Meanwhile back in Half Moon Bay, HMB Holdings are doing all they can to raise finance and restore the damage caused by Hurricane Luis in 1995, but are blocked at every attempt by the prime minister Lester Bird, who suggests what a nice idea it would be for them to sell the property to Stanford. HMB Holdings refuses to sell, and as years pass the government's efforts take their toll, until the British firm which originally agreed to finance the redevelopment gets cold feet and pulls out. It's at this point that the government simply takes the property by force, citing eminent domain, a form of compulsory purchase entitling the governing body of a state to claim any property as long as it's in the public interest, and as long as the owners are fairly compensated.




HMB Holdings however are not compensated, fairly or otherwise, and take the matter to the Privy Council in London for appeal. Election time looms, and the up-and-coming United Progressive Party (UPP) under Baldwin Spencer not only condemns the expropriation of Half Moon Bay, but promises under oath to reverse the forced acquisition should his party win the elections. The UPP do win, but Spencer surrounds himself by ministers who have their own agendas and fails to make good his promise.

In 2005 the Attorney General authorises the title of the property to be transferred to the Crown while an answer is awaited from the Privy Council, but somehow the land registry shows the legal owners now to be the government of Antigua and Barbuda. The same government at this point owes Stanford around EC$230M. Being the great philanthropist he is, Stanford agrees to write off EC$50M and channel EC$36M into projects which ultimately are never completed. In return Stanford is given the green light for "a number of developments" as well as a new moniker: _Knight Commander of the Order of the Nation (KCN) of Antigua and Barbuda_, and starts calling himself _Sir Allen_ in public.

By 2006 the government is well and truly mired (Antigua and Barbuda has one of the largest per-capita debts of any nation), so the Attorney General proposes a settlement with HMB Holdings: you can have the title back, but we'll retain a lien on the property. Sign here. Only they didn't, so in an effort to raise money the government goes to Tony Blair in order to ask the British premier for Foreign Direct Investment. Government officials are entitled to substantial, personal "finders fees" for securing investment.




A decision is reached by the Privy Council in 2007: The Half Moon Bay resort is a property of substantial value and the government is within their rights to acquire, as long as "fair compensation within a reasonable time" is provided. The government take physical possession of the property in 2008 but the owners have to file court action in order to even begin the dialogue over compensation, and events take a turn for the worse before a deal can be brokered with Stanford.

In 2009, R. Allen Stanford is arrested and jailed by the US government for his part in running a US$9B Ponzi scheme. Never one to quit, he issues a counter-claim of US$7.2B against the FBI and SBC for damages to his business, while local investors form queues outside his bank and the government hastily claws back the land which it sold him at cut-price rates before US receivers can step in. It also seizes Stanford's _Bank of Antigua_ and gives it to a newly created financial authority, of which it is the biggest shareholder. Then, in a rare moment of PR clarity, they revoke his knighthood and insignia.

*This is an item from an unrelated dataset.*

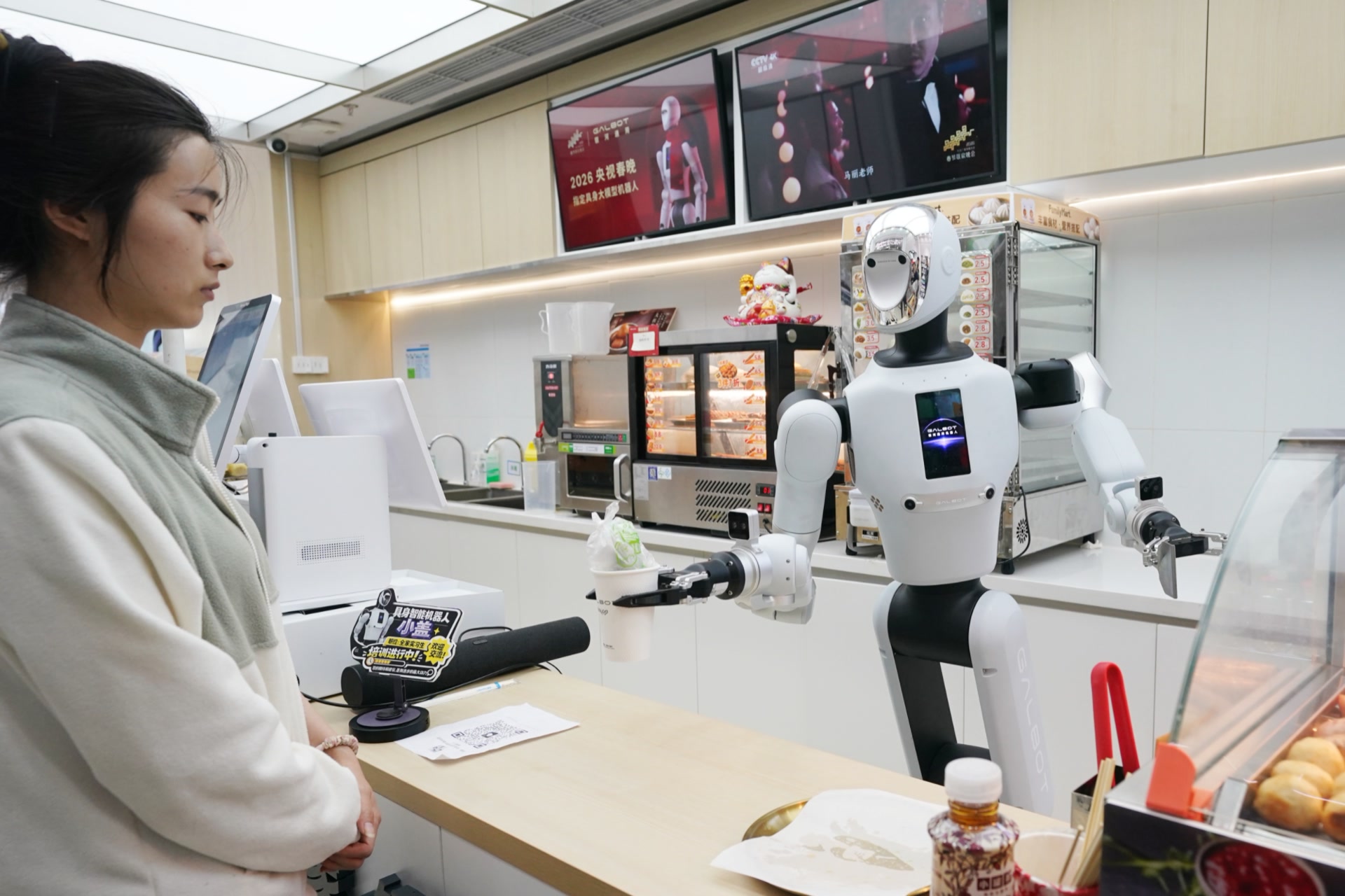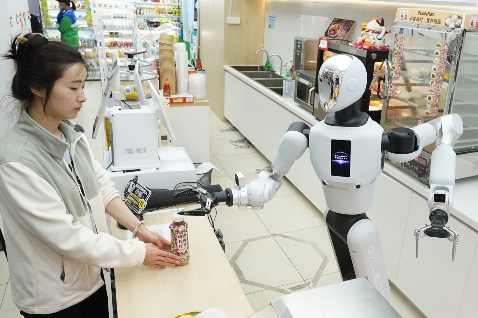 走进全家中关村鼎好店,迎面的C位就是银河通用机器人Galbot G1,背后的大屏上,循环播放着该款机器人在春晚上与沈腾合作的场景。作为常态化的“店小二”,Galbot G1负责店里的饮料、烤肠等热食售卖。

Stanford is convicted on 13 out of 14 fraud charges in March 2012 and sentenced to 110 years in June 2012. US$330M remain frozen in accounts in Canada, England and Switzerland, while politicians including Barack Obama decline to return contributions made to them.

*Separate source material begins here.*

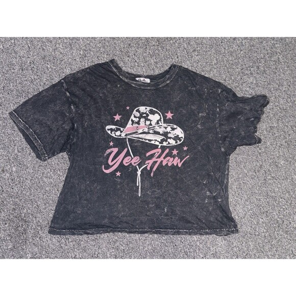 Yee Haw Cowgirl Mineral Black And Pink Long Crop Top T-shirt Medium

While it's easy to feel sympathy for Stanford's many victims you have to bear in mind that they're at least partially to blame for their own predicament. If somebody offers you an offshore investment opportunity with fantastic gains that looks too good to be true, then it probably is. Instead my undivided sympathy lies with Natalie Querand and the other executives of HMB Holdings Limited, whose property representing decades of hard work was effectively stolen by the government of a Crown protectorate while the world stood by and watched.

*At time of writing, the government of Antigua and Barbuda owes HMB Holdings a total of US$66 million, while interest continues to accrue at a rate of US$388,000 per month.*


----------



## flyboys90 (Jan 16, 2013)

What an astonishing story,thanks for sharing.


----------



## B7TMW (Jan 17, 2013)

Oh I've been waiting on this one.

You got in much further that I due to the fact I had my 10 year (at the time) daughter with me. A very sad tale but I fear that the resort would have ended in tears despite the lack of insurance or Hurricaine Luis.

I used this place in about 1995 and it was very exclusive then. We used to go to HMB body surfing and because it is very remote and unspolit. We'd finish the day with cocktails here before the drive back.

The resort was lovely, more a homely, cosy place than the spawaling resorts the island now has to offer. It's because of this that I say the above. Back when it was built, it wa THE place to go. But forward to the mid nineties and with all inclusive resorts like Sandals, Rex Halcyon on Dickinsons Bay and St James Club on mamora bay springing up, this places days were numbered. 

I still drive down to HMB and it's sad to ee the old place as it is. The beach really is deserted now as the only place down there was this resort. 

I needs another St James club or Verandah built there. I'd be there like a shot. One of my top 5 beaches in the world.


----------



## B7TMW (Jan 17, 2013)

This is the one I want to do. Sam Lords Castle. An amazing resort in it's day. I used to stay here in the nineties but slowly but surely, it declined until it went under. Stood abandoned for a long time, the castle itself falling into disrepair until a couple of years ago it went up in flames under mysterious circumstances. 

To think I used to walk up the steps to the castle into reception and attend the managers cocktail party on the patio. 

[ame]http://www.youtube.com/watch?v=vS4LVeQ91As[/ame]

Would love to explore this one for old time sake, see where we used to feed the monkeys at breakfast, have lunch and even visit the little part where they'd bring the air crew staying there, in and serve them rum punches before allocating their rooms. Oh the good times!!!


----------



## flyboys90 (Jan 17, 2013)

Great video,thanks for showing.


----------